The following are the identified comparison regarding plate and grid bias modulation.
i. Plate Circuit Efficiency: Grid modulation amplifier has a low plate circuit efficiency of 34 to 51 per cent whereas the series plate modulated amplifier has large plate circuit efficiency of 75%.
ii. Power output in problem: This is small in grid bias modulation but large in plate modulation.
iii. Amount of modulation power: Grid bias modulation requires small modulating power whereas plate modulation requires large amount of modulating power.
Point i and ii above supports the plate modulation whereas iii supports grid bias modulation. As a result of modulation, the overall efficiency considering both the amplifier modulated, is more or less the same in the method of modulation. Further, both the methods are capable of giving almost 100%
modulations with good linearity of modulation
Thus, there is no clear preference of one method over the other. However the circuit adjustments in grid bias modulation are more sensitive to changes in carrier voltage, plate supply voltage and load impedance and hence it is usually very difficult to achieve and maintain perfect linearity of modulation index.
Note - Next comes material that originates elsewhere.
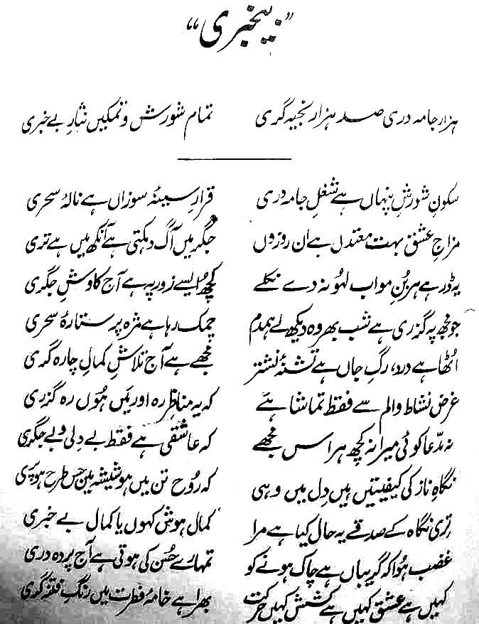 this nazam entitled “Be_Khabarii”: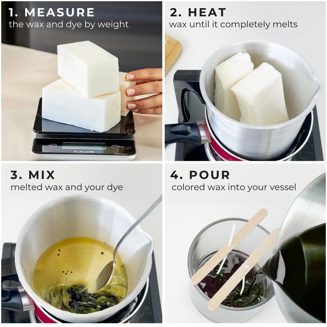 - HIGH CONCENTRATION: Just a pinch of our dye is necessary to provide rich color to the finish of your candle. Refer to the table on the product for recommended doses for each candle wax type.

From the consideration of ease of adjustment, high efficiency plate modulation is generally employed in amplitude modulation radio transmitters operating on medium and sort waves. However in spite of difficulty of adjustment, grid bias modulation of last RF power amplifier is used in high power television because of large width (about 7MHz) of the frequency band involved.